When does insanity excuse criminal liability?
A defendant has an excuse for liability, says Paul Robinson, in his book Criminal Law Defenses, when he or she is acting involuntarily and their own disability causes him or her to mistakenly or unknowingly violate a criminal prohibition. This person does not know whether his or her behavior is wrong or criminal (Robinson 222). This is in contrast to what is called a character-based approach, where a person's adherence to virtues or vices creates a character and a reputation for morality or immorality, upon which they are judged. Finkelstein argues that a system which bases its retributive punishment on a person's character, rather than on the act itself brings about social welfare. Just as one cannot judge a person's moral character upon a single act, one cannot decide the morality or immorality of a person by visible actions. She quotes George Fletcher as saying "[if] a bank teller opens a safe and turns money over to a stranger, we can infer that he is dishonest.
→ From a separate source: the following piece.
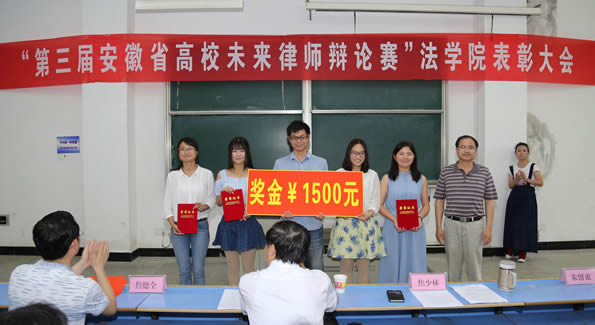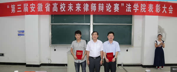 6月10日下午,第三届安徽省高校未来律师辩论赛bevictor韦德国际表彰大会于文溯楼108教室隆重举行。公司党政领导焦少林、詹德全、朱留虎及全体教职员工参加了会议。参会的还有2012级、2013级、2014级法学专业员工,2012级农村区域发展班党员和班干部等。大会由公司党政办主任汪博武主持。会议还特别邀请到联系bevictor韦德国际的校领导刘友忠副董事长出席。

But if he does all this at gunpoint, we cannot infer anything one way or another about his honesty" (Fletcher 800).
However, one's character or disposition has little to do with insanity excuses, because the insane are those who are incapable of controlling their actions under the law and cannot be said to have a moral character, since morality has nothing to do with their actions and their actions are neither for nor against society, but are based solely on involuntary motivations generated from sources they do not have control over.
The law either favors the actions of a person, or tolerates it when a criminal act is committed by someone in any of those four modes of activity mentioned above (infancy, insanity, settled insanity and automatism).